I rappresentanti delle forze del Male: Bergman, Ingrid e Marina

Bergman, capo della Gestapo, si identifica come perfetta antitesi di Manfredi, inquadrato spesso in interni claustrofobici e messo in scena attraverso un’illuminazione espressionista, che, con il suo gioco di luci e ombre, lo rende una creatura vampiresca. Il suo carattere instabile e nevrotico lo ricalca come individuo femminilizzato, evocando un’omosessualità che (ahimè) esprime la sua malvagità, come accade con Ingrid, sua perfetta versione femminile, portatrice di un’ambiguità sessuale a partire dal suo aspetto mascolino, che permette di riconoscerla immediatamente come malvagia.
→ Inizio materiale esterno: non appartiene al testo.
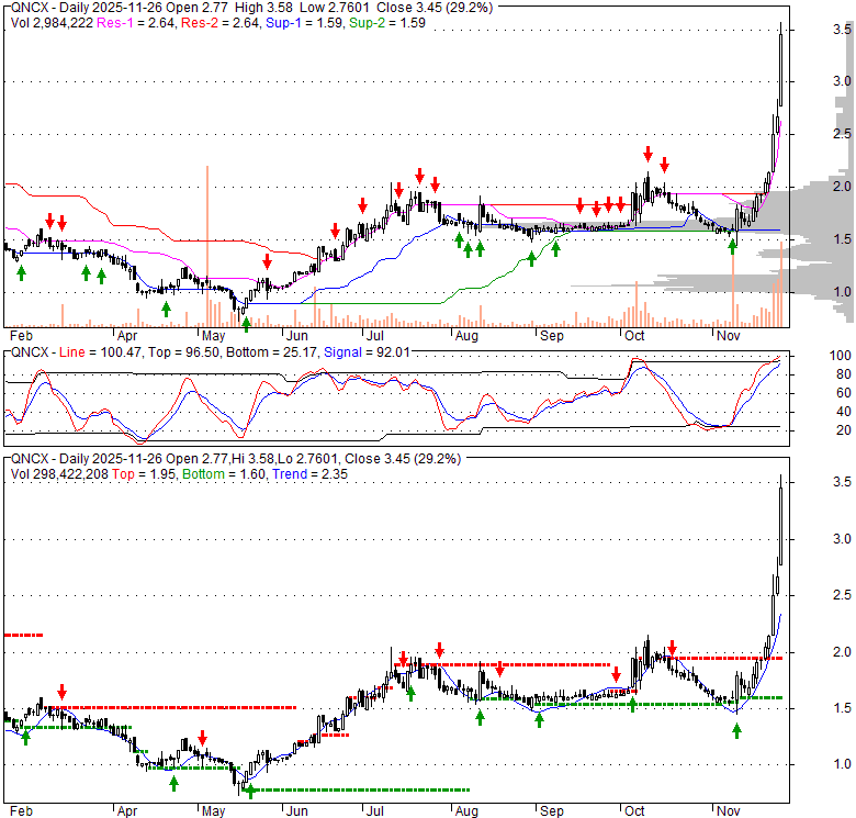 Price has closed above its short-term moving average. Short-term moving average is currently above mid-term; and above long-term moving average. From the relationship between price and moving averages: This stock is BULLISH in short-term; and BULLISH in mid-long term.[ QNCX ] has closed above the upper band by 22.5%. If price is in a uptrend band; this upward trend in price might continue. However a short term pullback inside the band is likely.Bollinger Bands are 470.2% wider than normal. The large width of the bands suggest high volatility as compared to its normal range. The bands have been in this wide range for 5 days. This is a sign that the current trend might continue.
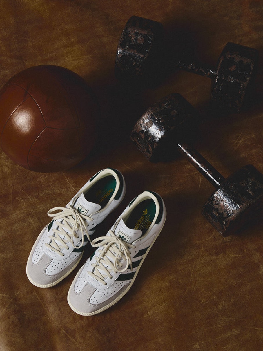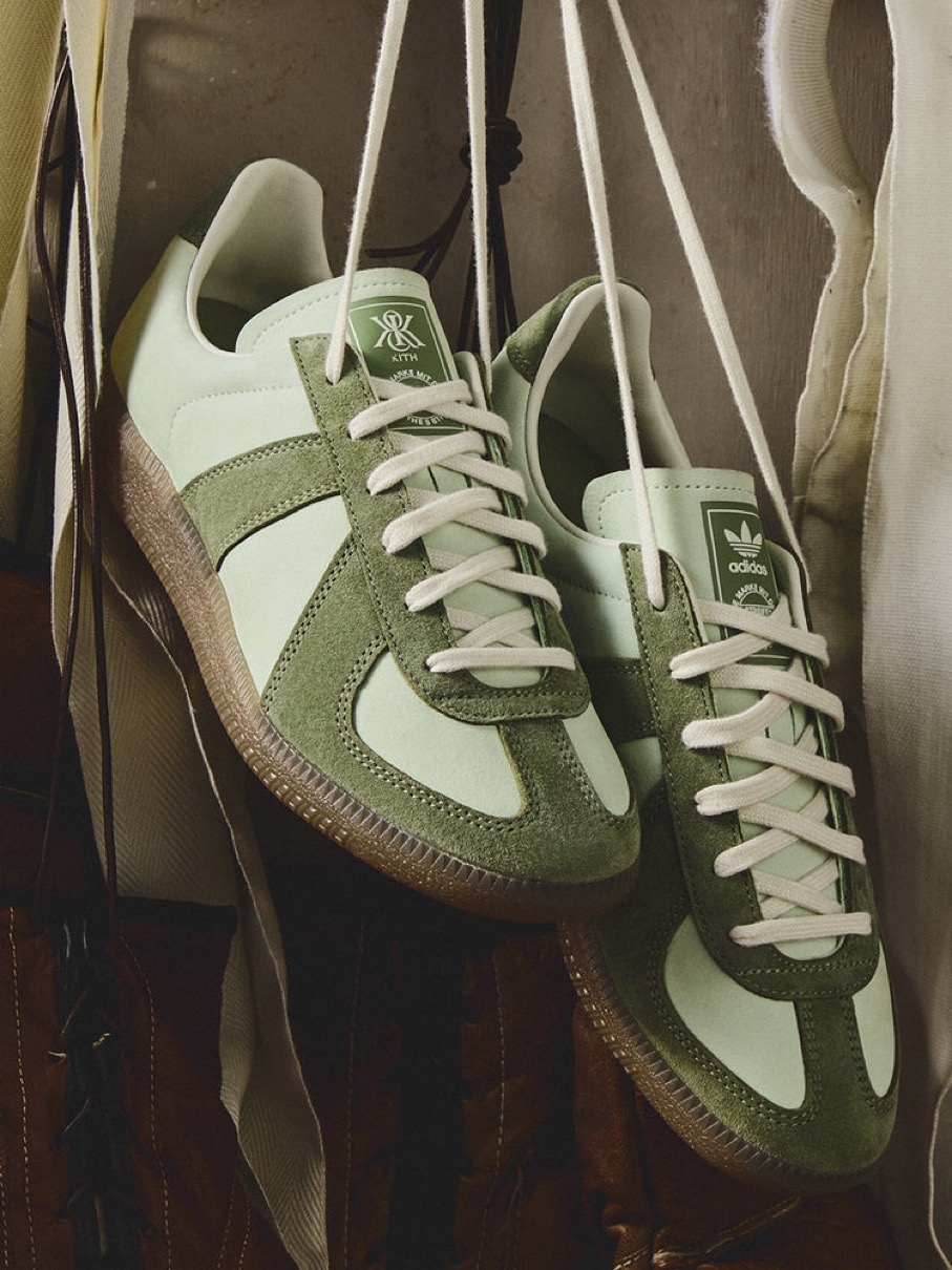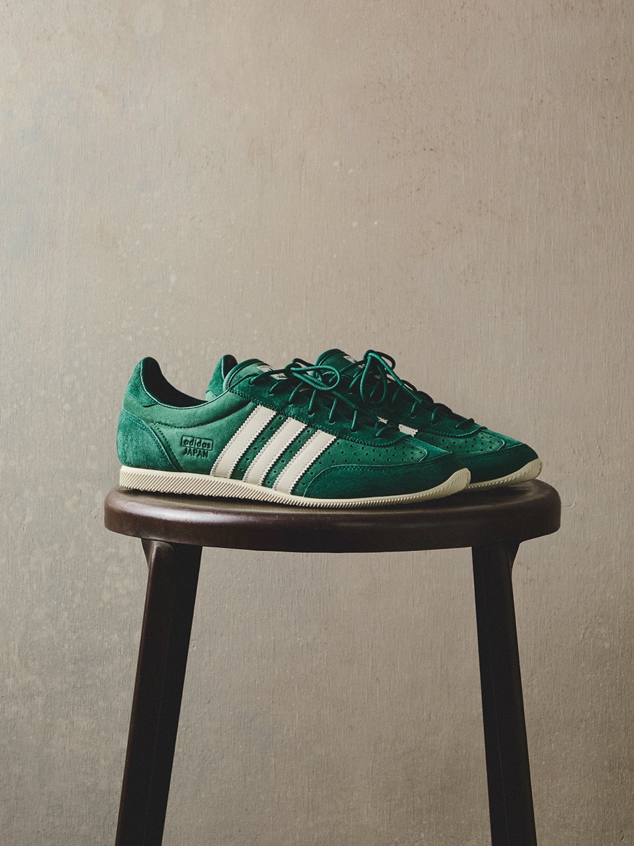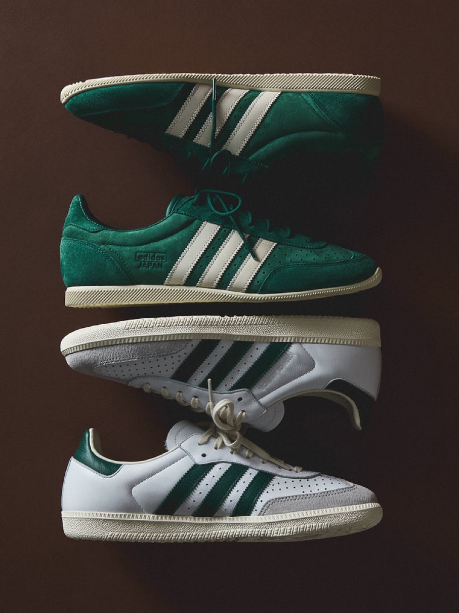 過去のKith Classics for adidas Originalsコレクションでも展開されたSambaとJapanも、今季はEvergreenのカラーリングで登場。Collegiate Green、White、Blackのカラーブロッキングが特徴で、Samba は、レザーアッパーにクラシックなスエードのT字デザインを備えつつ、つま先部分にはパーフォレーションを施した仕様へとアップデート。フットベッドとサイドにはKithのブランディング、シュータンにはadidasロゴ、ヒールには左右で異なるデボス加工が施されている。Japan は、全面にヌバックを採用し、つま先部分にはパーフォレーションを備え、Sambaと共通のブランディングを採用。Japanは本コレクションの中で唯一、ラウンドレース仕様となるモデルとなっている。

Entrambi, sebbene non sconfitti dal punto di vista diegetico, lo saranno sul piano morale, come espressa dal famoso <<Maledetti>> di don Pietro in seguito alla morte di Manfredi, in cui sembra presagire la loro futura dipartita. Marina appare invece come erede dei personaggi delle commedie sentimentali dei telefoni bianchi per il modo di vestire, per gli oggetti di cui si circonda, nonché per una visione della vita e dell’amore tipicamente fascistizzate, mossa da ideali e sogni d’evasione illusori, che la rendono talmente debole da dipendere da oggetti e persone, pronta ad accettare una relazione omosessuale con Ingrid pur di ricevere in cambio della droga. In conclusione, il Male si manifesta come risultante di una malvagità innata, identificata con il regime nazista (Bergman e Ingrid) ma anche nella debolezza insita negli ideali fascistizzati (Marina) veicolati dal ventennio e dal cinema che lo ha rappresentato.